In high school my freshman year I weighed 230 lbs at around 6 foot to 6'1". Now I'm at 192 in my sophomore year in college.


----------



## MK3 (Sep 4, 2008)

When I was in high school I was the smallest kid in school. I was 5' tall as a freshman, the second shortest guy. By the time I was a junior I finally hit 5'8"-9" but weighed all of 120-125 lbs. Prompted by feeding fantasies I started trying to gain and by the end of my senior year I was 157lbs and 5'10." At that point I thought I was getting chubby. Ten years later it seems funny but I was always thin as could be and even then looking back, I was slim after a 30lb gain. Anyway, when I went off to college I put on 25lbs in freshman year, lost a bit over the summer and then hit 200lbs midway through my sophomore year. At that point I was stuck in a gym class and began yo-yo'ing between exercise routines and gorging streaks. I've only been as high as 208 since but as low as 153.

Currently I've gained 40 straight pounds since last year weighing 193lbs. not exactly fat but plump and for the first time and pretty comfortable with it.


----------



## benzdiesel (Sep 4, 2008)

Green Eyed Fairy said:


> May I ask where in NC you hail from Benzdiesel?

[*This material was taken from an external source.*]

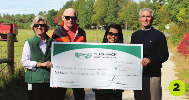 2. Merrimack County Savings Bank purchased $15,000 in tax credits through the NH Community Development Finance Authority to help fund Phase 4 of the Concord – Lake Sunapee Rail Trail (CLSRT), a 2.5-mile section from Fisherville Road to Carter Hill Road in Concord. From left: Linda Lorden, president of The Merrimack; Boyd Smith, CLSRT board member; Diana Johnson, VP marketing officer, The Merrimack; and Tim Blagden, CLSRT board president.

Going to school in Boone, but home is near Lexington.


----------



## Green Eyed Fairy (Sep 4, 2008)

benzdiesel said:


> Going to school in Boone, but home is near Lexington.

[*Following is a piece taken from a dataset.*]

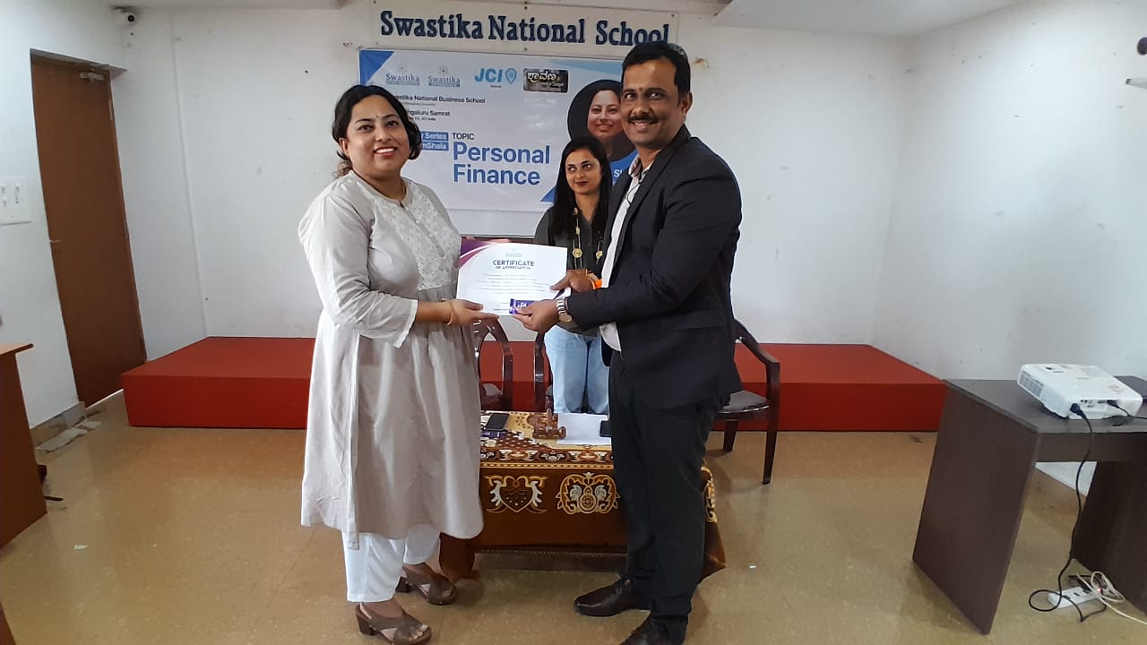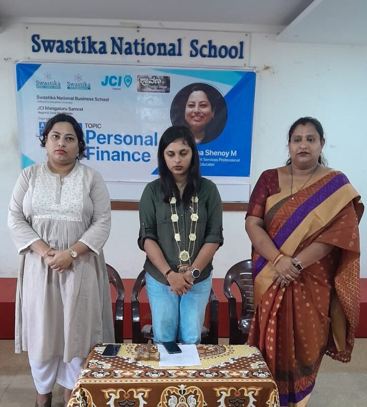 Mangalore August 28, 2024 : Swastika National Business School, in collaboration with JCI Mangaluru Samrat, hosted a highly informative session on “Personal Finance” as part of its ongoing weekly series, UdyamShala, at 10:00 AM on the school premises.

I live in Asheville. So do a couple of others on the boards.


----------



## Ruby Ripples (Sep 4, 2008)

I yo-yo'd between 115lbs and 145lbs in high school. I really thought I was fat at 145lbs, i was the fattest in my class at school.


----------



## Weeze (Sep 9, 2008)

Started High School at like, 300 lbs.
meh. not fun.
I lost 45 lbs...... and looked pretty decent in sophmore/most of junior year.
Now i'm back to 280.
ergh.
One thing that's nice about my college?

A lot of the other girls are fat.
Its nice to not be the only one.


----------



## Lovelyone (Sep 9, 2008)

my last year of high school I was 230 lbs. My first year of college (20 years later) I was 514.


----------



## chocolatebluesdiva (Sep 9, 2008)

In elementary school my highest was 180.. in middle school my highest was 260... in high school my highest was 333 and I am now in college and so far my heaviest has been 383 which is what I am right now. All of these have been while my height has ranged from 5'9 (elementary) to 6'1 (present day)


----------



## chocolatebluesdiva (Sep 9, 2008)

DanKiiDoLL said:


> When I was in highschool I was about 340-ish that was my senior year, I was big all throughout school though and gained a lot but didn't care cuz I was so young and didn't pay attention. Now I'm in college, I'm at around 370. am I the only thats STILL the fat kid in school lol



Hey Fat Kid in School here!!! Though there are some fat guys where I go to college who may be as fat as I am... but I haven't asked.


----------



## Curious Jane (Sep 9, 2008)

Probably 125 was my max in high school...those days I could eat tons without gaining an ounce!


----------